Why is a named rvalue reference an lvalue expression?

Question

I know that a named reference is an lvalue:

int x = 1;
int& ref1 = x;
int&& ref2 = std::move(x);

I've read the explanation — that is because we can take the address of those ref1 and ref2.

But when we take the address of a reference we actually take the address of the referenced object, don't we? So this explanation doesn't seem to be correct.

So why a named reference is an lvalue?

Answer 1

That explanation is just a simplification. lvalues aren't defined by being "something you can take the address of", but by a specific set of rules about the value category of expressions. Those rules are carefully constructed so as to result in a self-consistent language in which everything fits together reasonably neatly.

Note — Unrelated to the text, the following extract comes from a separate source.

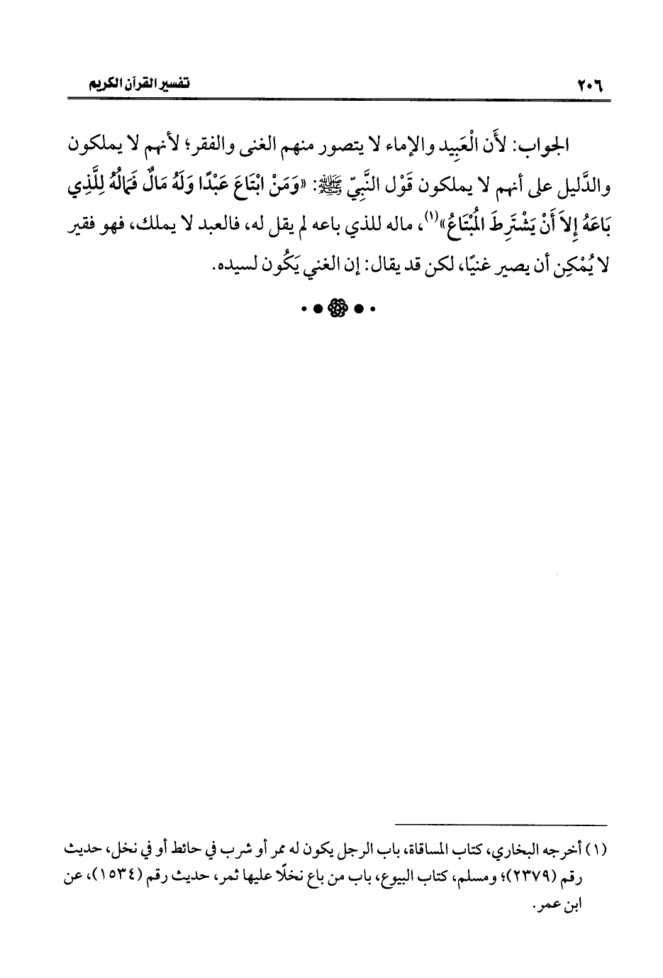 (¬١) أخرجه البخاري، كتاب المساقاة، باب الرجل يكون له ممر أو شرب في حائط أو في نخل، حديث رقم (٢٣٧٩)؛ ومسلم، كتاب البيوع، باب من باع نخلًا عليها ثمر، حديث رقم (١٥٣٤)، عن ابن عمر.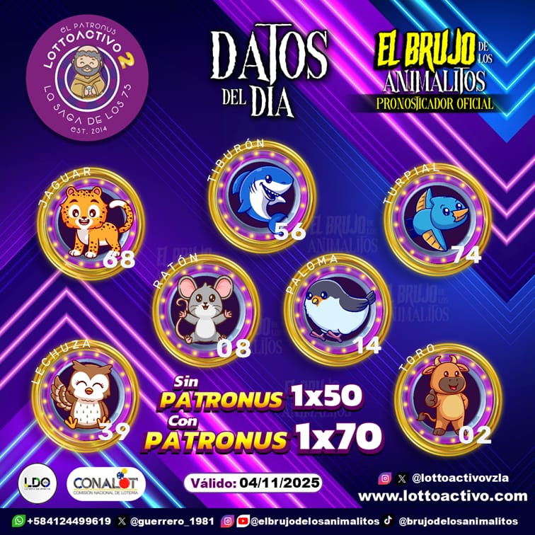 Pronósticos para Trio Activo El Patronus hoy Martes 04-11-2025 Nov 4, 2025 El Brujo de Los Animalitos

That being said, the explanation does rather fit here, if you consider that by writing ref1, you're not really naming "the reference" but the thing being referred to. That's the magic of references: you're supposed to consider them name aliases rather than entities in their own right.

There are some abstraction leaks surrounding this (particularly, member references), but that's the gist.

You ought to forget about notions like "the reference is an lvalue" and instead think about expressions. Objects have types; expressions have value categories.

Answer 2

Here is an explanation from Scott Meyers's book "Effective Modern C++":

In fact, T&& has two different meanings. One is rvalue reference, of course. Such references behave exactly the way you expect: they bind only to rvalues, and their primary raison d’être is to identify objects that may be moved from.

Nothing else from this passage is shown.